Problem statement:
Word for word, repeat the records, leaving every picture behind.

::::

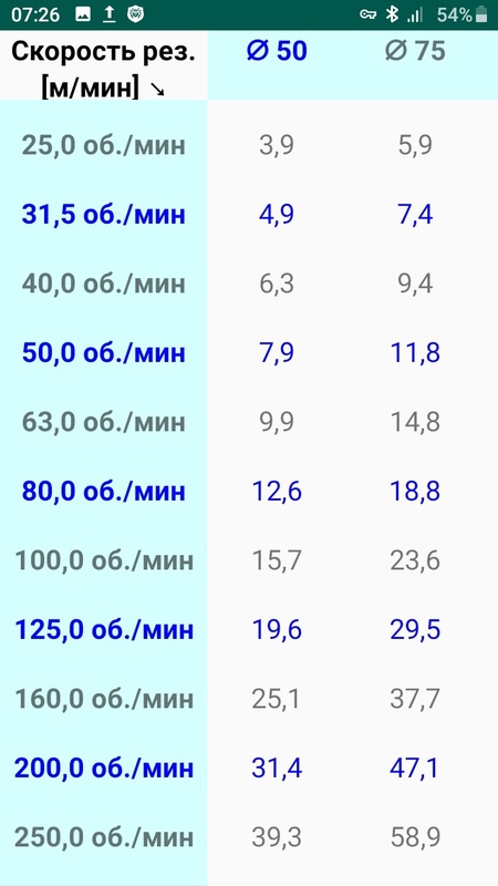 Таблица скоростей резания в метрах в минуту (от диаметра и оборотов).
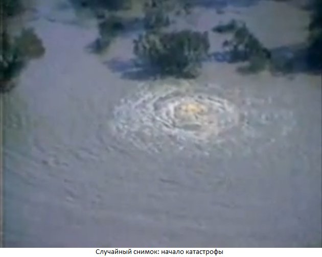 На глазах жителей и работников буровой воронка стремительно увеличивалась в размерах и скоро достигла 55 метров в диаметре. Огромной силы поток за несколько минут размыл остров с ботаническим садом, к центру воронки неслись баржи, буксир, лодки, деревья, автомобили, беседки. Пожилой мужчина с племянником, рыбачившие в этот ранний час на лодке, изо всех сил работали веслами. (Забегая вперед скажем – они остались живы.)
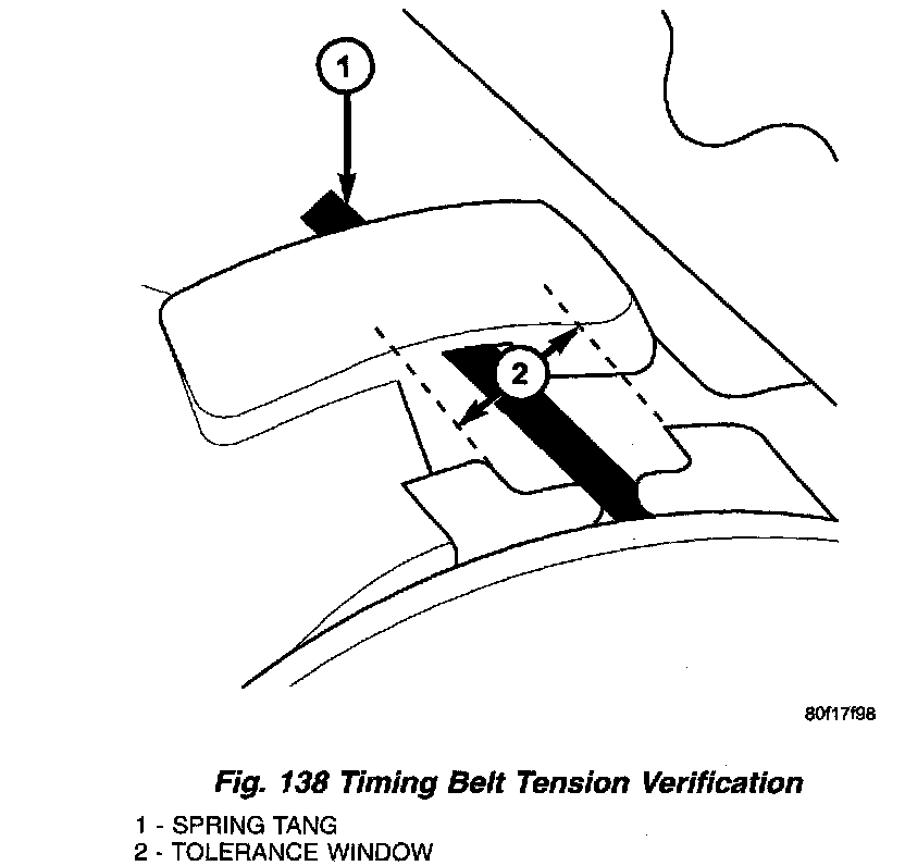 8. Check if the spring tang is within the tolerance window (Fig. 138). If the spring tang is within the tolerance window, the installation process is complete and nothing further is required. If the spring tang is not within the tolerance window, repeat Steps 5 through 7.
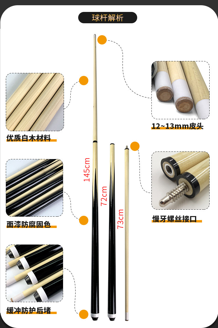 Бильярдный кий из двух частей, 120-145 см, с большим наконечником 12 мм, для взрослых и детей, для игры в 8-бол и 9-бол, черный, двухсекционный, 1/2.
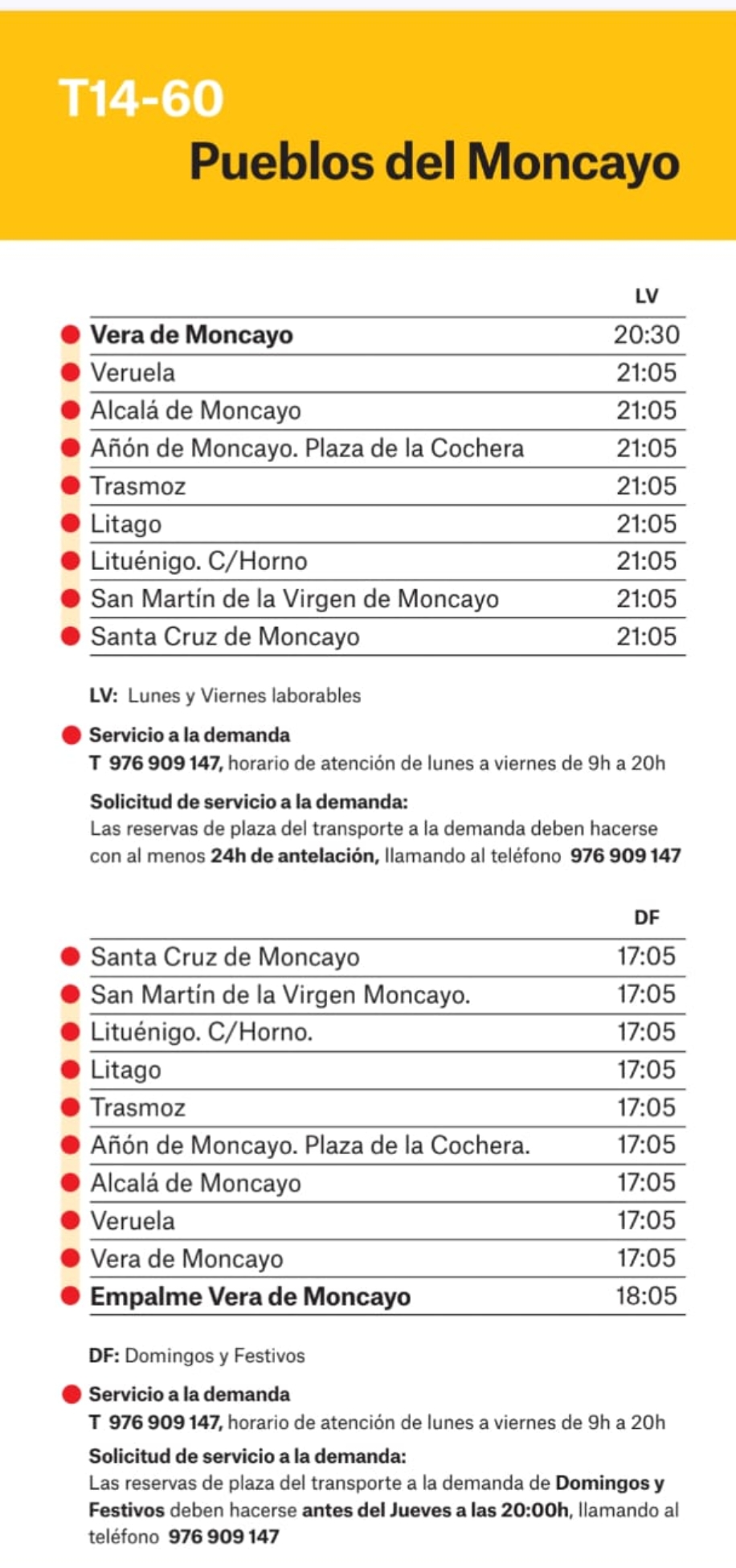El Ayuntamiento informa a todas las vecinas y vecinos sobre el funcionamiento del servicio de transporte a la demanda desde el pueblo hacia Tarazona, así como los servicios de domingos y festivos para enlazar con el autobús de Zaragoza.
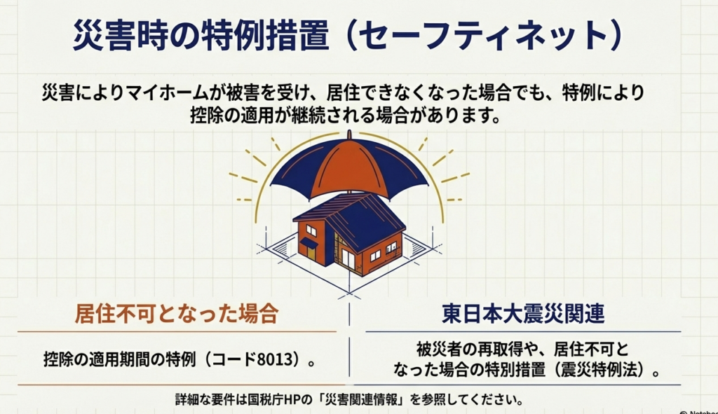 災害により控除適用中の住宅に居住できなくなった場合や、被災者が住宅を再取得等した場合に、適用期間の特例などの措置が用意されています。特に東日本大震災の被災者向けには、特別な追加措置が設けられています。
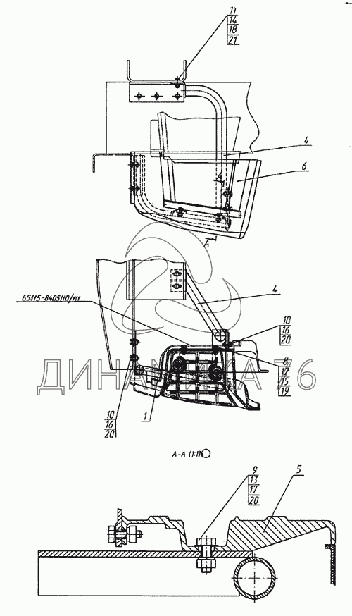 Перечень комплектующих от Установка нижней подножки правая/левая на 6460
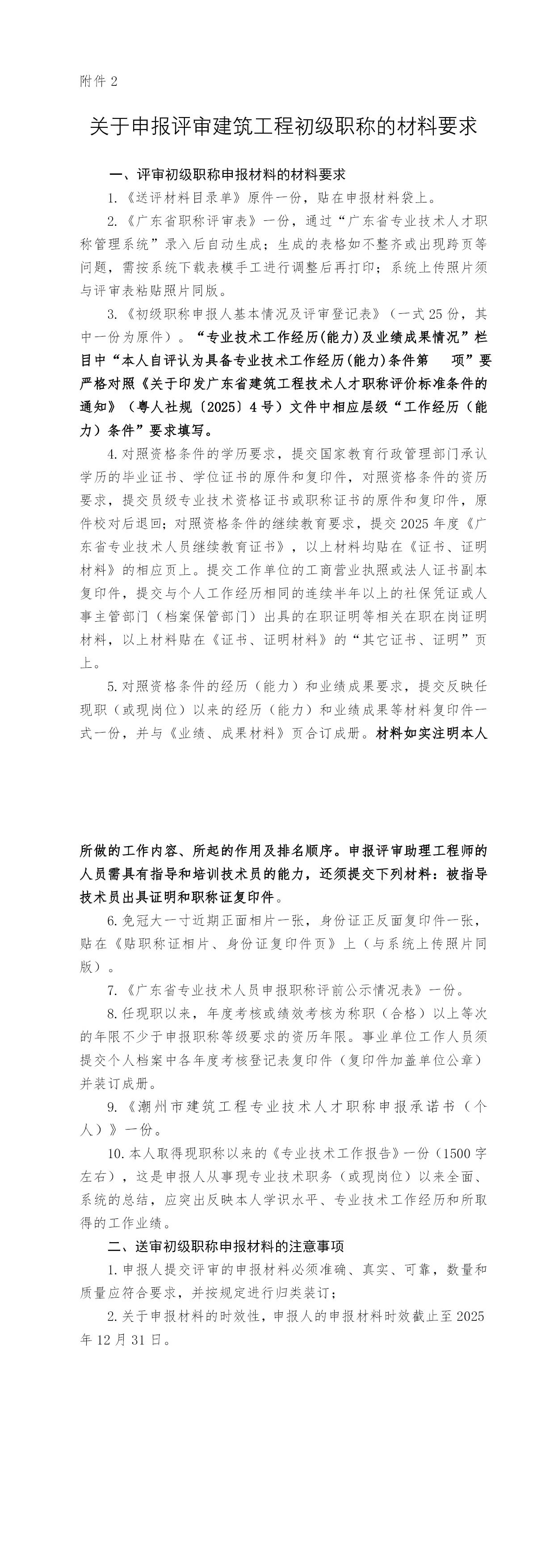 3.《初级职称申报人基本情况及评审登记表》(一式25份,其中一份为原件)。“专业技术工作经历(能力)及业绩成果情况”栏目中“本人自评认为具备专业技术工作经历(能力)条件第 项”要严格对照《关于印发广东省建筑工程技术人才职称评价标准条件的通知》(粤人社规〔2025〕4号)文件中相应层级“工作经历(能力)条件”要求填写。
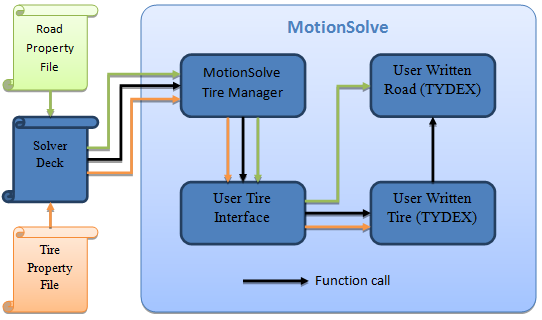 • MotionSolveのソルバーデックは、タイヤプロパティファイルと路面プロパティファイルをMotionSolveのTire Managerに渡します。
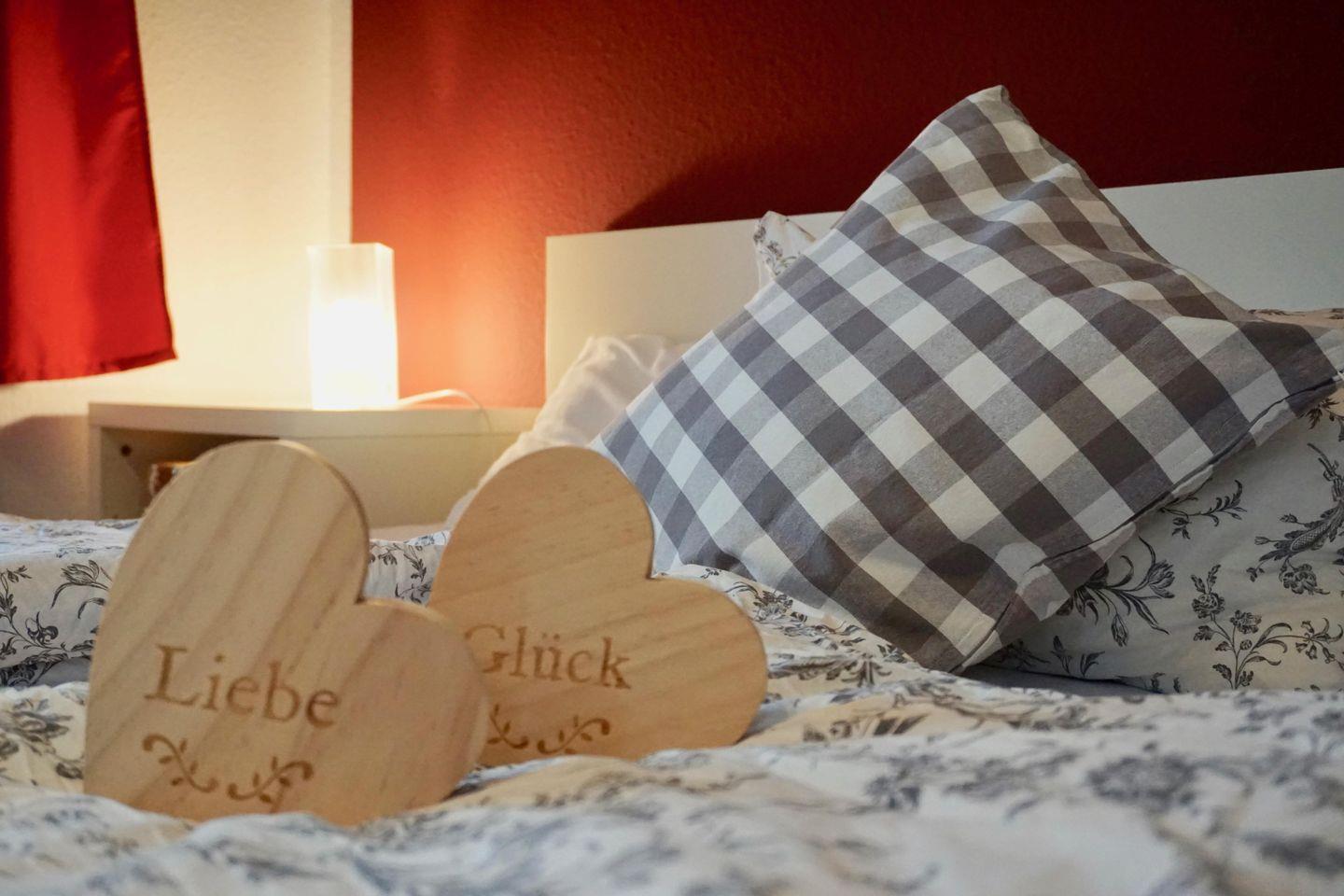 - Ein Schlafzimmer mit Doppelbett, orthopädischer Kaltschaummatratze und zusätzlichem Topper

::::

The answer:
 Таблица скоростей резания в метрах в минуту (от диаметра и оборотов).
 На глазах жителей и работников буровой воронка стремительно увеличивалась в размерах и скоро достигла 55 метров в диаметре. Огромной силы поток за несколько минут размыл остров с ботаническим садом, к центру воронки неслись баржи, буксир, лодки, деревья, автомобили, беседки. Пожилой мужчина с племянником, рыбачившие в этот ранний час на лодке, изо всех сил работали веслами. (Забегая вперед скажем – они остались живы.)
 8. Check if the spring tang is within the tolerance window (Fig. 138). If the spring tang is within the tolerance window, the installation process is complete and nothing further is required. If the spring tang is not within the tolerance window, repeat Steps 5 through 7.
 Бильярдный кий из двух частей, 120-145 см, с большим наконечником 12 мм, для взрослых и детей, для игры в 8-бол и 9-бол, черный, двухсекционный, 1/2.
El Ayuntamiento informa a todas las vecinas y vecinos sobre el funcionamiento del servicio de transporte a la demanda desde el pueblo hacia Tarazona, así como los servicios de domingos y festivos para enlazar con el autobús de Zaragoza.
 災害により控除適用中の住宅に居住できなくなった場合や、被災者が住宅を再取得等した場合に、適用期間の特例などの措置が用意されています。特に東日本大震災の被災者向けには、特別な追加措置が設けられています。
 Перечень комплектующих от Установка нижней подножки правая/левая на 6460
 3.《初级职称申报人基本情况及评审登记表》(一式25份,其中一份为原件)。“专业技术工作经历(能力)及业绩成果情况”栏目中“本人自评认为具备专业技术工作经历(能力)条件第 项”要严格对照《关于印发广东省建筑工程技术人才职称评价标准条件的通知》(粤人社规〔2025〕4号)文件中相应层级“工作经历(能力)条件”要求填写。
 • MotionSolveのソルバーデックは、タイヤプロパティファイルと路面プロパティファイルをMotionSolveのTire Managerに渡します。
 - Ein Schlafzimmer mit Doppelbett, orthopädischer Kaltschaummatratze und zusätzlichem Topper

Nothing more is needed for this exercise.